* Your objective
Please give back the listing below word for word, without the images.

[Recorded data — start]

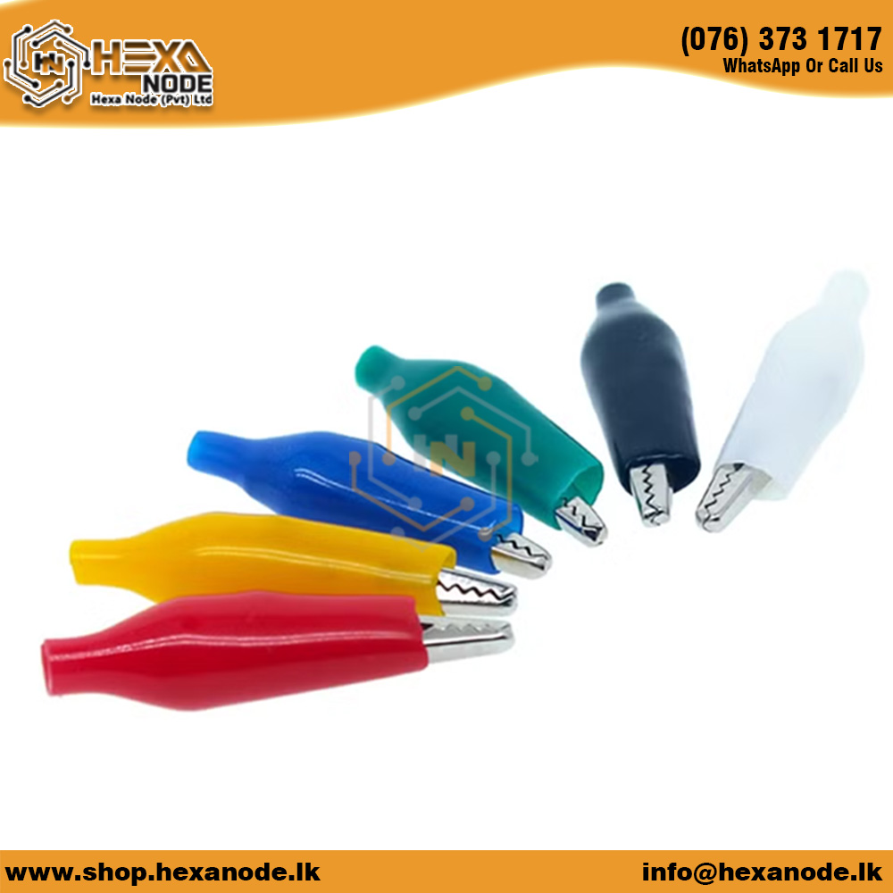 The 1 No’s Crocodile Clip Small Color is a compact, versatile clip used for making temporary electrical connections in a variety of electronic, automotive, and DIY projects. Made from high-quality metal with a durable, insulated color-coded handle, this crocodile clip is designed to provide a secure and stable connection to wires, components, or circuits. The small size makes it ideal for use in tight spaces, offering flexibility and precision. Available in multiple vibrant colors, it allows for easy identification and organization, making your projects more efficient and organized. Whether you’re working with breadboards, testing circuits, or connecting wires, this small crocodile clip offers a reliable and safe solution for your electrical connections.
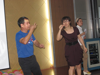 圖7:“四人1腳” 圖8:心有靈犀一點通,比劃猜
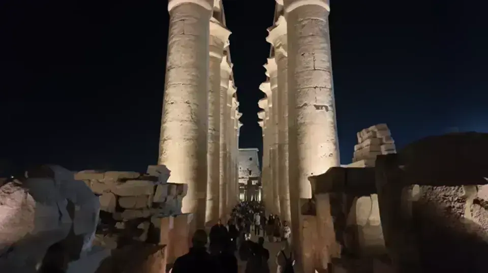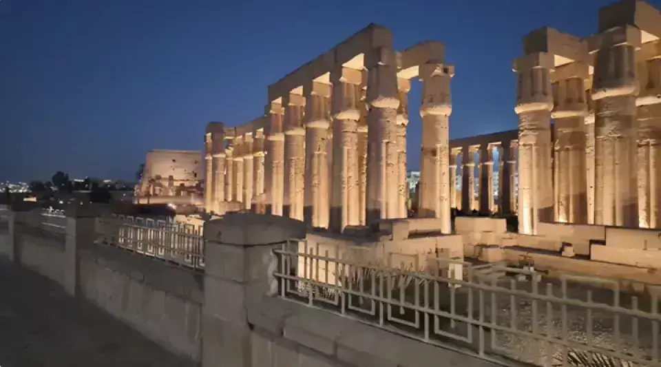 盧克索神廟(Luxor Temple)位於埃及盧克索市中心,尼羅河東岸,是古埃及新王國時期(約公元前1539年至公元前1075年)的重要宗教建築,三千多年前的古埃及建築,建造於公元前14世紀。這座神廟主要獻給太陽神阿蒙(Amun)、他的妻子穆特(Mut)和他們的兒子孔蘇(Khonsu)。它以巨大的柱廊、雕像和精美浮雕著稱,與附近的卡納克神廟(Karnak Temple)通過一條斯芬克斯大道相連,展現了古埃及的宗教與建築輝煌。
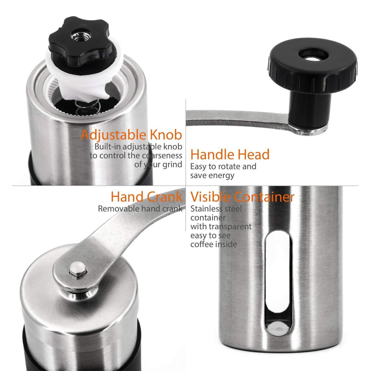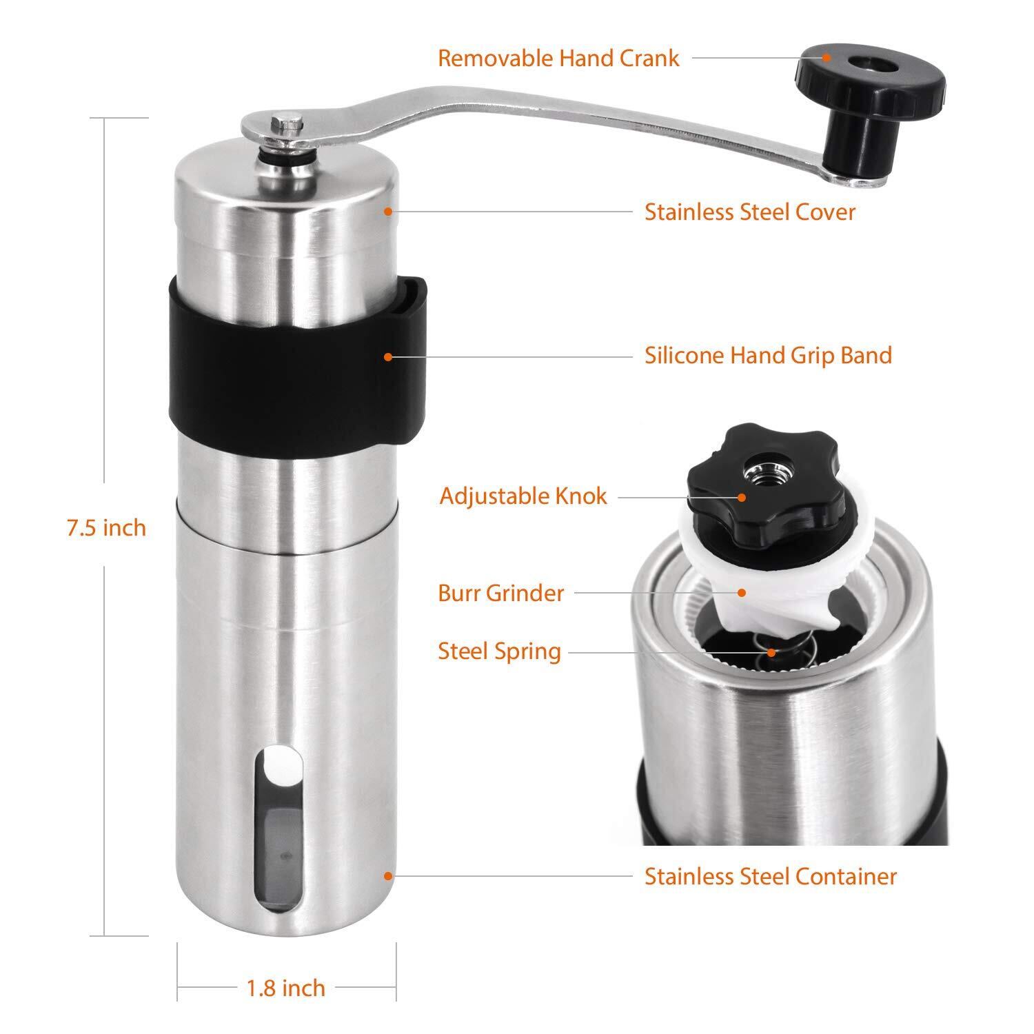 Winwintech 新しいより大きな容量30グラムミニ手動コーヒーミルグラインダーステンレス鋼コーヒー豆ハンドクランクポータブルミルで滑りを防止するためのシリコンスリーブ、そしてハンドクランクの回収が容易用ホーム、オフィス、屋外キャンプ、ハイキングや旅行(19 * 4.8CM)

[Recorded data — finish]

* Result for this task
 The 1 No’s Crocodile Clip Small Color is a compact, versatile clip used for making temporary electrical connections in a variety of electronic, automotive, and DIY projects. Made from high-quality metal with a durable, insulated color-coded handle, this crocodile clip is designed to provide a secure and stable connection to wires, components, or circuits. The small size makes it ideal for use in tight spaces, offering flexibility and precision. Available in multiple vibrant colors, it allows for easy identification and organization, making your projects more efficient and organized. Whether you’re working with breadboards, testing circuits, or connecting wires, this small crocodile clip offers a reliable and safe solution for your electrical connections.
 圖7:“四人1腳” 圖8:心有靈犀一點通,比劃猜
 盧克索神廟(Luxor Temple)位於埃及盧克索市中心,尼羅河東岸,是古埃及新王國時期(約公元前1539年至公元前1075年)的重要宗教建築,三千多年前的古埃及建築,建造於公元前14世紀。這座神廟主要獻給太陽神阿蒙(Amun)、他的妻子穆特(Mut)和他們的兒子孔蘇(Khonsu)。它以巨大的柱廊、雕像和精美浮雕著稱,與附近的卡納克神廟(Karnak Temple)通過一條斯芬克斯大道相連,展現了古埃及的宗教與建築輝煌。
 Winwintech 新しいより大きな容量30グラムミニ手動コーヒーミルグラインダーステンレス鋼コーヒー豆ハンドクランクポータブルミルで滑りを防止するためのシリコンスリーブ、そしてハンドクランクの回収が容易用ホーム、オフィス、屋外キャンプ、ハイキングや旅行(19 * 4.8CM)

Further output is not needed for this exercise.